Diğer sanat dalları için de çok önemli
fakat fotoğrafta edisyonunun önemi daha da çok ortaya çıkıyor. Bu işi
Türkiye’de en profesyonel olarak ele sanatçılardan biri olarak “fotoğrafta
edisyonunun önemi” konusunda neler söyleyebilirsiniz?
Çoğaltılabilir
sanat yapıtlarından en yaygını fotoğraf ve baskı. Son 10 yıldır, fotoğraf,
sanat alanında ne yaptığını kendi kendine daha çok tartışmaya başladı. Ondan
önce fotoğrafın medium olarak ortaya çıkışı hiç kuşkusuz tekrarlanabilir olması
nedeniyleydi. Çünkü baskı sanatlarında belli bir edisyondan sonra kalıp bozulur
ama negatif bozulmaz. Her baskı yaptığınızda, belli bir noktadan sonra kalıp aşınır
ve artık iş üretemez hale gelirsiniz. Oysa fotoğrafta negatif ile istediğiniz
kadar baskı yapabiliyorsunuz. Bu sanat için düşünülmüş bir şey değildi, bu bir
iletişim ortamı olduğu için, sınırsız sayıda çoğaltılması onun bir özelliğiydi.

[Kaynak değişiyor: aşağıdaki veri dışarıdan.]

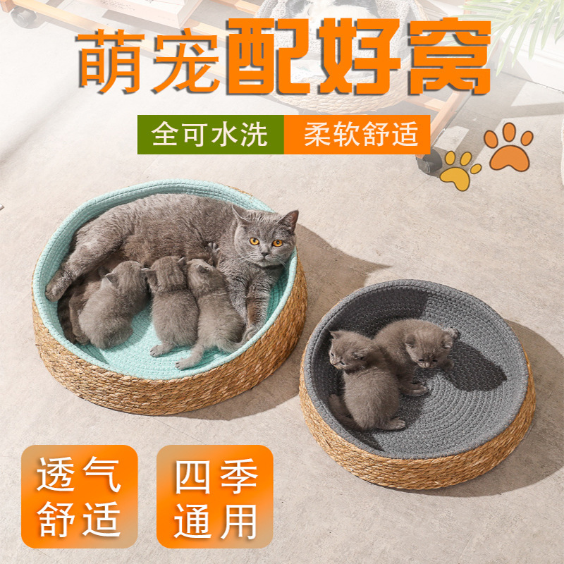 국경 밀짚 짠 사계절 보편적 인 고양이 둥지 북쪽 일본 개집 고양이 스크래치 보드 유럽 스타일 인터넷 유명인 등나무 짠 애완 동물 둥지 매트 재고
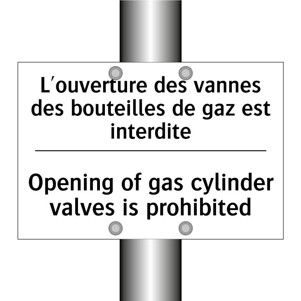 Panneau d'interdiction bilingue avec texte en français : "L'ouverture des vannes des bouteilles de gaz est interdite", et en anglais : "Opening of gas cylinder valves is prohibited"
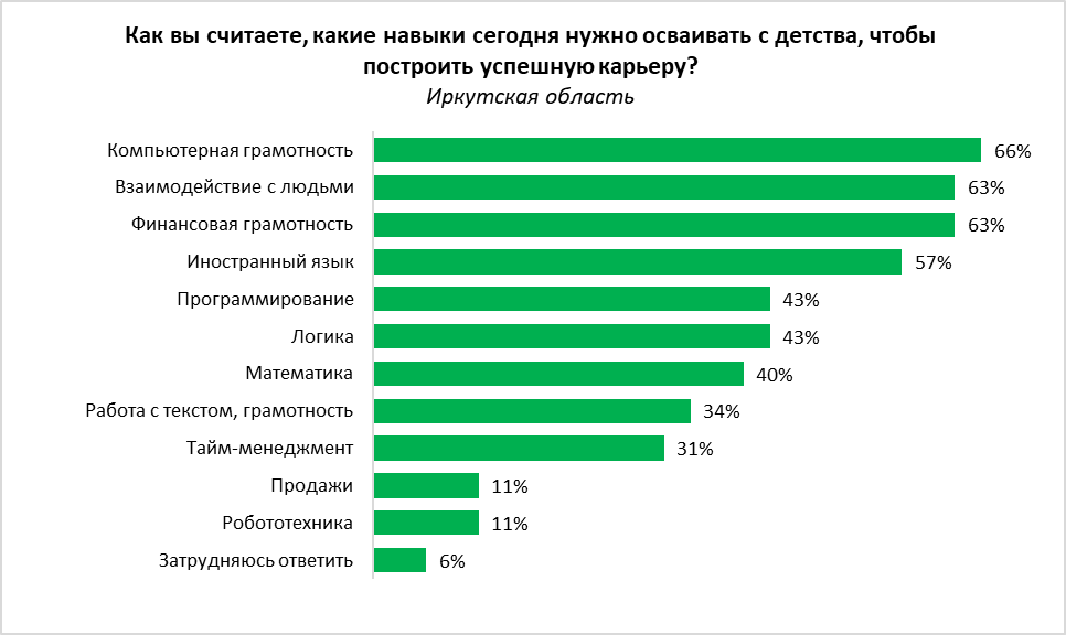 На вопрос «Какие навыки сегодня нужно осваивать с детства, чтобы построить успешную карьеру?», большинство жителей Иркутской области, назвали компьютерную грамотность (66%), взаимодействие с людьми, а также финансовую грамотность (по 63%). Любопытно, что в целом по стране топ-3 выглядит немного иначе: взаимодействие с людьми (73%), компьютерная грамотность (69%) и иностранный язык (65%).

Onu sanat alanına çektiğinizde işin rengi değişti. Sanatta genellikle biricik
olma prensibinden hareket ediliyor. Benim ‘Yerler’ serisinde çoğu baskı tektir.
Bazı siyah-beyaz çalışmalarım üç edisyondur.

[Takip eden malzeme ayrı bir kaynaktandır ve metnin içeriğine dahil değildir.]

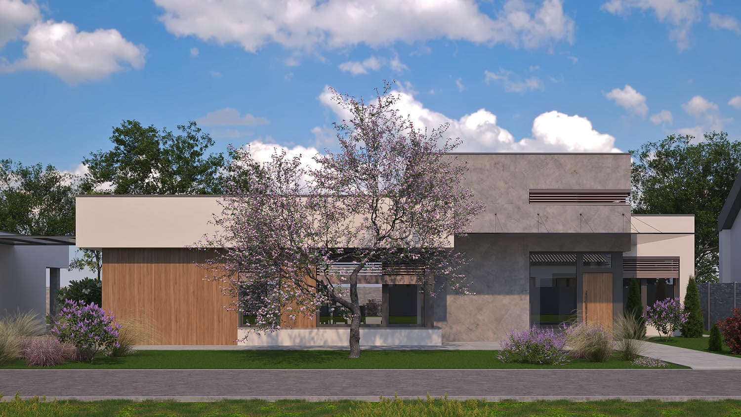 Exteriérová vizualizácia rodinného domu s betónovou stierkou, dreveným obkladom a kvitnúcim ružovým stromom pod modrou oblohou.
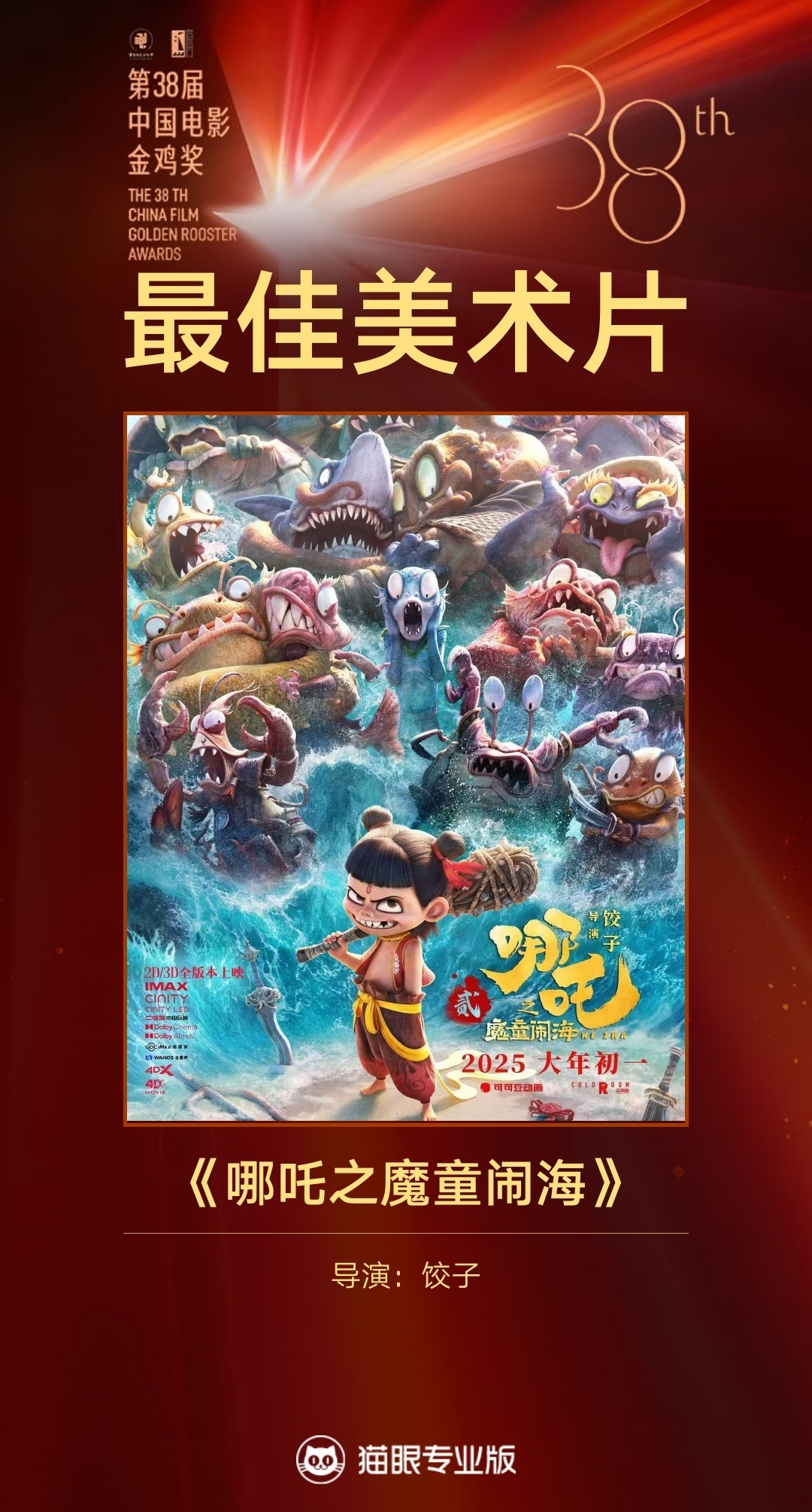 與此同時,由成都可可豆動畫影視有限公司制作出品的《哪吒之魔童鬧?!?同樣不負眾望,榮獲最佳美術片獎。這部續(xù)作影片延續(xù)了前作的輝煌,總票房突破159億元,躋身全球影史票房榜前5。

Son olarak yakın gelecekteki
projelerinizi öğrenebilir miyiz?
Şubat
ayında, bir ressam arkadaşım ile birlikte aynı yüzeyde çalıştığımız eserlerden
oluşan bir sergimiz var. Ressam Esat Tekand ile birlikte çalıştık. Daha önce
Fatma Tülin ile sergi açmıştık. Şu anda figürlü fotoğraflarım ile ilgili
çalışmalara biraz ağırlık verdim ve sanırım bu yıl içinde bir açacağım sergi
ile “Özne-Nesne” serisine yeni bir halka eklenmiş olacak. ‘Manzaralar’ serisine
de çalışmaya devam ediyorum.
Yazı
Artam Global Art & Design Dergisi’nin 16. Sayısında yayınlanmıştır.